1. A company plans to build a new fairground ride. The ride will consist of a capsule that will hold the passengers and the capsule will be attached to a tall tower. The capsule is to be released from rest from a point half way up the tower and then made to oscillate in a vertical line.

The vertical displacement, \(x\) metres, of the top of the capsule below its initial position at time \(t\) seconds is modelled by the differential equation, $$m \frac { \mathrm {~d} ^ { 2 } x } { \mathrm {~d} t ^ { 2 } } + 4 \frac { \mathrm {~d} x } { \mathrm {~d} t } + x = 200 \cos t , \quad t \geqslant 0$$ where \(m\) is the mass of the capsule including its passengers, in thousands of kilograms.
The maximum permissible weight for the capsule, including its passengers, is 30000 N .

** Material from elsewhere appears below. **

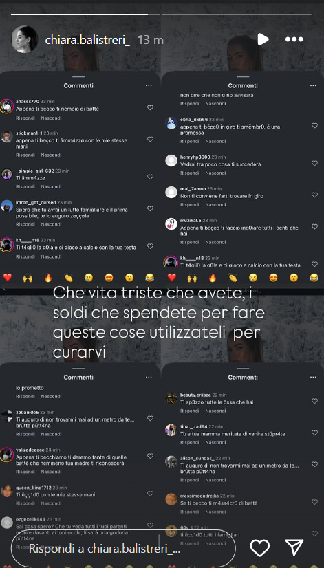 CHIARA BALISTRERI MINACCIATA DI MORTE ONLINE: LA REAZIONE DELL’EX NAUFRAGA DELL‘ISOLA DEI FAMOSI 19- Poco fa, l’ex amata quanto discussa concorrente dell’Isola 19, ha pubblicato degli screen, contenenti i commenti beceri da parte degli utenti del web, che la minacciano di morte. Scopriamo insieme cos’altro ha detto la giovane ex naufraga, Balistreri.

Taking the value of \(g\) to be \(10 \mathrm {~ms} ^ { - 2 }\) and assuming the capsule is at its maximum permissible weight,

1. 1. explain why the value of \(m\) is 3
   2. show that a particular solution to the differential equation is $$x = 40 \sin t - 20 \cos t$$
   3. hence find the general solution of the differential equation.
2. Using the model, find, to the nearest metre, the vertical distance of the top of the capsule from its initial position, 9 seconds after it is released.